La chirurgie est réservée au traitement des aires ganglionnaires chez les patients présentant des
adénopathies cliniques et radiologiques.
4 – LE CANCER DE LA BASE DE LA LANGUE
Il s'agit en règle générale d'un carcinome épidermoïde bien différencié infiltrant et lymphophile : le
mauvais pronostic de cette lésion est lié au caractère le plus souvent mal limité de la tumeur
infiltrant la musculature linguale.
Le lymphome malin non hodgkinien est également possible à ce niveau, mais il est très rare.
L'alcool et le tabac représentent les facteurs favorisants habituels.
*Les signes cliniques
Les signes cliniques sont marqués par une dysphagie haute avec otalgie.
La présence d'adénopathies est très fréquente, le plus souvent bilatérale.
L'induration de la base de la langue à la palpation ainsi que la gêne à la protraction linguale
représentent deux signes cliniques suspects.
*Bilan
L'examen endoscopique des VADS sous anesthésie générale avec biopsie affirme le diagnostic.

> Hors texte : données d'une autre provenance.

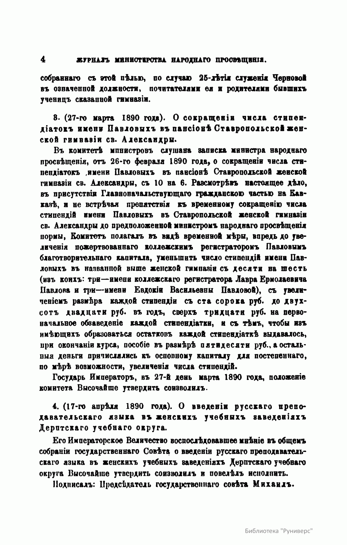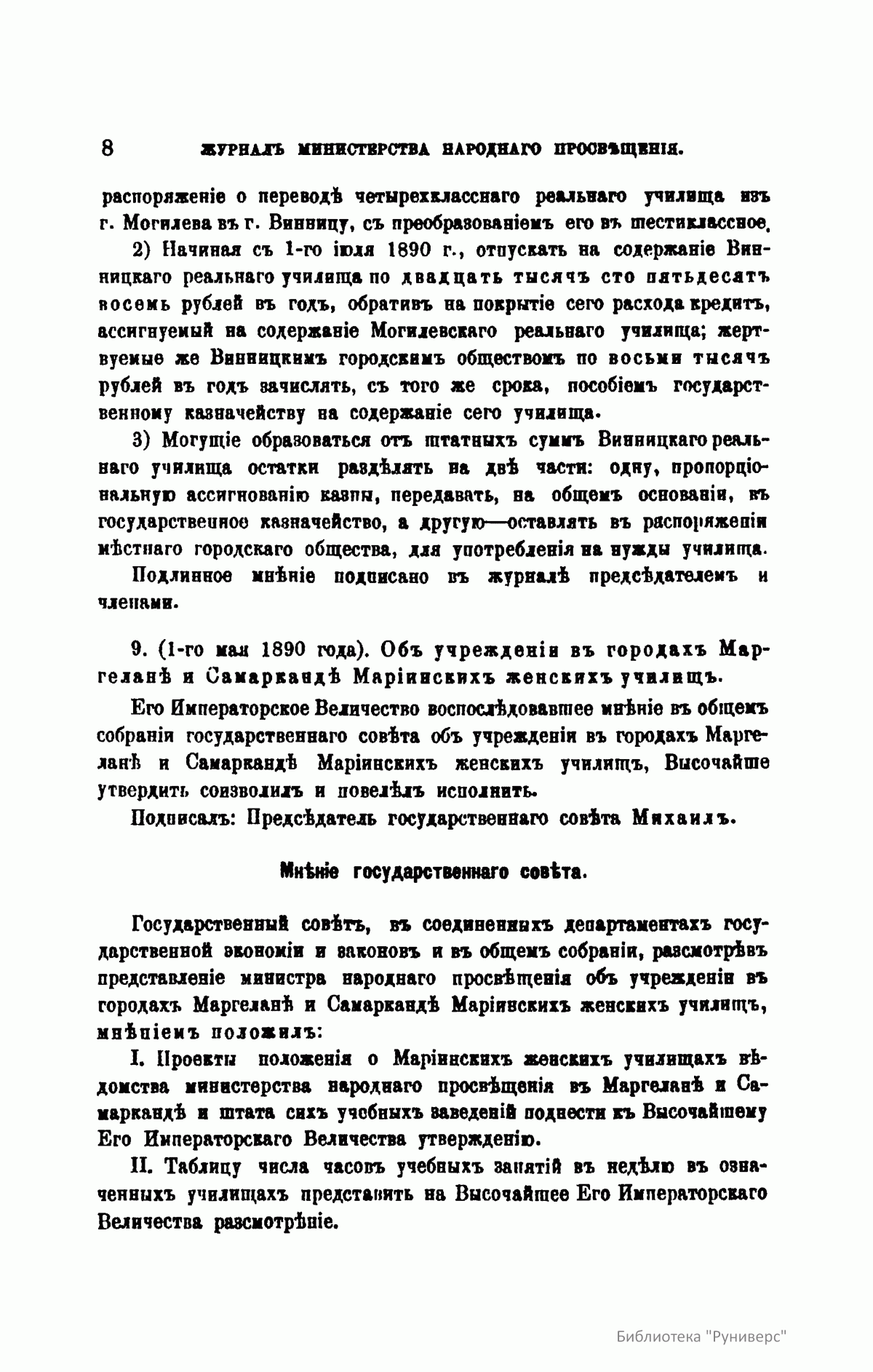 Журнал Министерства народного просвещения выходил с 1834-го по 1917 год. Официальный периодический журнал об успехах просвещения в России. Издатели журнала уверены в том, что «если для каждого человека необходим выход из грубой тьмы невежества и беспрерывное дальнейшее движение к свету, то для народов необходимо попечительное участие правительства в образовании. Только правительство имеет все средства знать и высоту успехов всемирного образования, и настоящие нужды Отечества».

L'examen TDM et l'IRM permettent un bilan d'extension loco-régionale précis.
*Traitement
Le traitement fait appel essentiellement à la chirurgie par voie transmandibulaire suivie de
radiothérapie avec ou sans chimiothérapie.
*Pronostic
Le pronostic de ces tumeurs est mauvais du fait de l'évolution insidieuse (diagnostic retardé) et de
l'infiltration diffuse au muscle lingual ainsi que de la lymphophilie de ces lésions.